The package can be published to Spark Packages with (requires authentication and authorization):

sbt spPublish

For local testing / without Spark Packages

A Java / JVM library as well as a python library is required to use PySpark Elastic. They can be built with:

make dist

This creates 1) a fat jar with the Elasticsearch Hadoop library and additional classes for bridging Spark and PySpark for Elastic Search data and 2) a python source distribution at:

  • target/scala-2.10/pyspark-elastic-assembly-<version>.jar
  • target/pyspark_elastic_<version>-<python version>.egg.

API

The PySpark Elastic API aims to stay close to the Java / Scala APIs provided by Elastic Search. Reading its documentation is a good place to start.

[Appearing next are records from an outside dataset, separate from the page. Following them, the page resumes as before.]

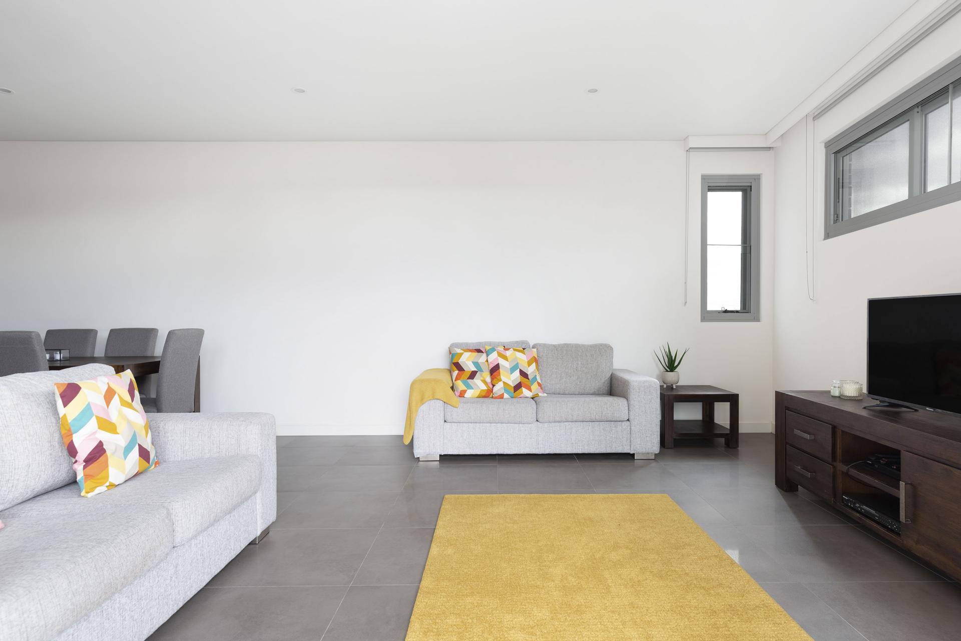 - Spacious open-plan living with tiled floors
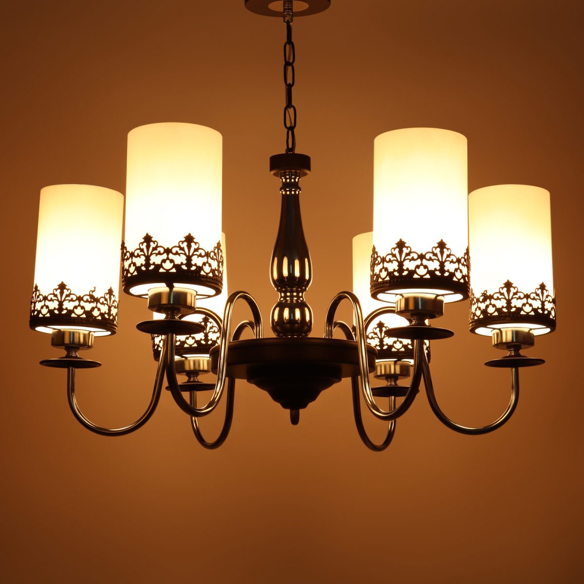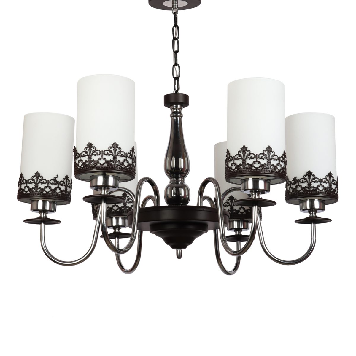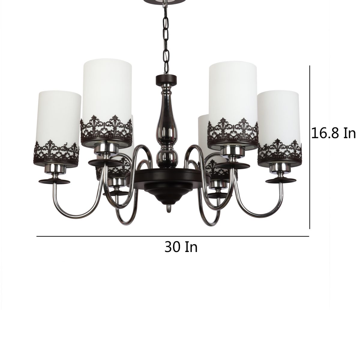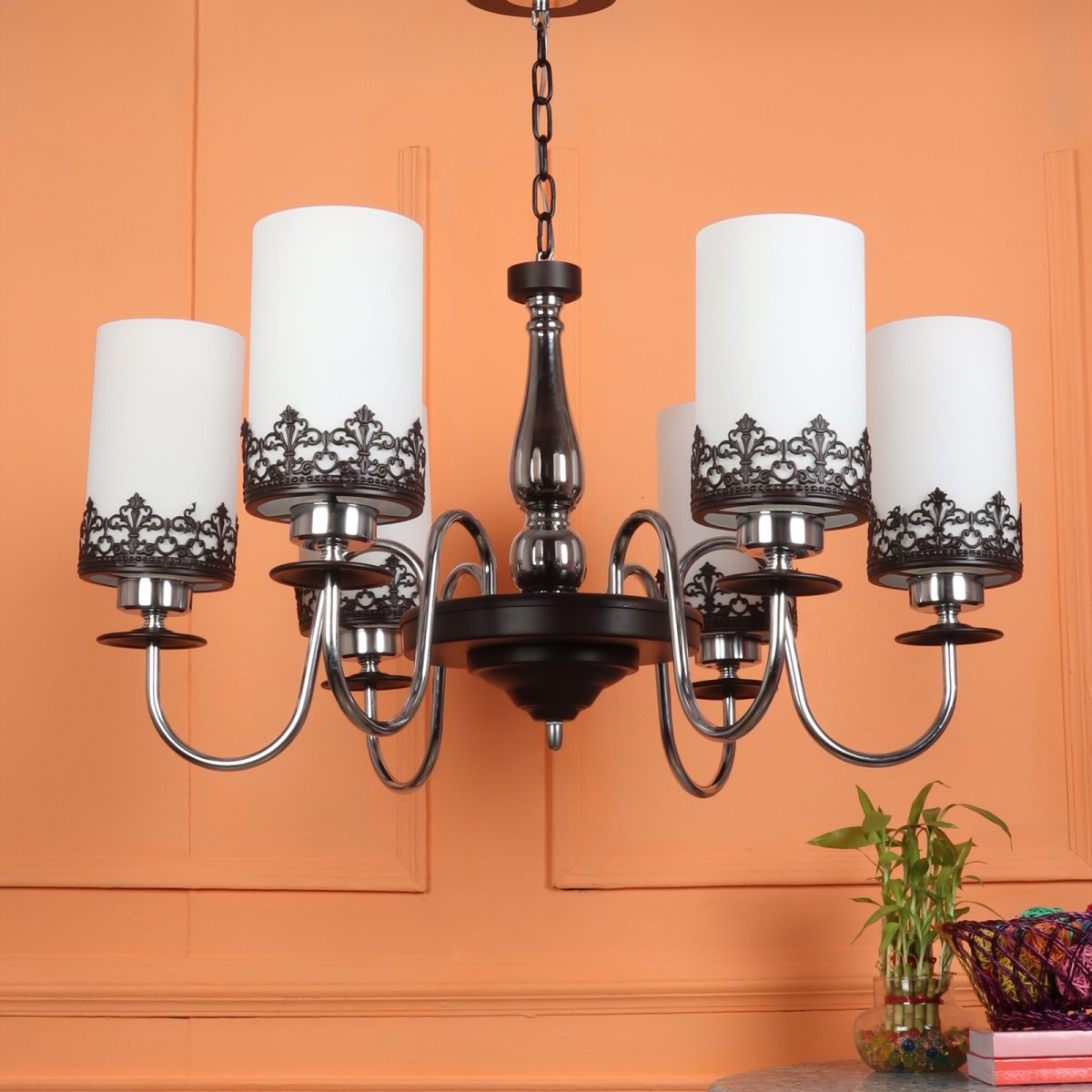 Dark brown (wood) finish, round, cylindrical white glass mounted on a designer frame made of mild steel having six lights. This is a hanging type chandelier in which the base cap is fixed to the ceiling with the help of straight clamp and screws. The suspension can be adjusted at time of installation to the desired height. It is maintenance free, it is easy to remove glass and wash them. Comes with an E27 holder, only the change of lamp is required, which is available locally everywhere. Application includes both residential and commercial premises wherever it matches with your interiors. Also available in nine lights having code CH462-9. Matching wall light code WL2727, WL2728. Can be customized as per requirement in case of bulk quantities. LAMP NOT INCLUDED.
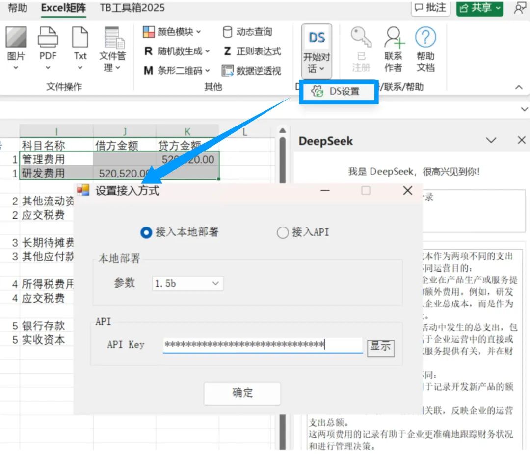 既可以通过本地部署的DeepSeek接入Excel,也可以通过Api key访问DeepSeek接入Excel。
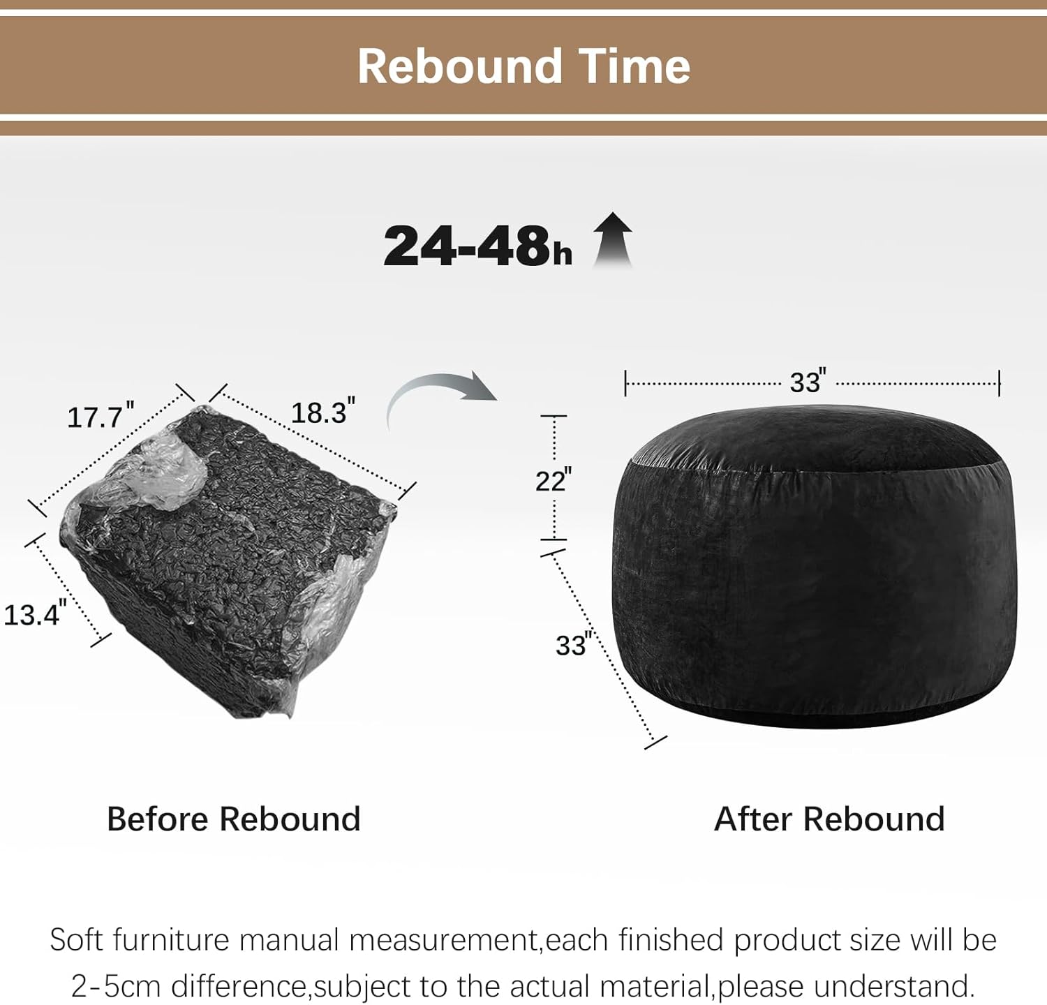 PERFECT FOR MANY OCCASIONS: The size is 33 ” * 33 ” * 22 ” bean bag chairs for adults and teens, suitable for any room, you can push it to any place you want, lounge, living room, bedroom, study, basement, and more. It is the best place to lie down and rest when tired.

pyspark_elastic.EsSparkContext

A EsSparkContext is very similar to a regular SparkContext. It is created in the same way, can be used to read files, parallelize local data, broadcast a variable, etc. See the Spark Programming Guide for more details. But it exposes additional methods:

  • esRDD(resource_read, query, **kwargs): Returns a EsRDD for the resource and query with the JSON documents from Elastic parsed with json.loads (or from cjson or ujson if available). Arguments which can be provided:

  • esObjRDD(resource_read, query, **kwargs): As esRDD(...), but the RDD contains JSON documents from Elastic parsed with json.loads where each dict is parsed into a pyspark_elastic.types.AttrDict so that object can be accessed by attributed as well as key: e.g. sc.esObjRead(...).first().field.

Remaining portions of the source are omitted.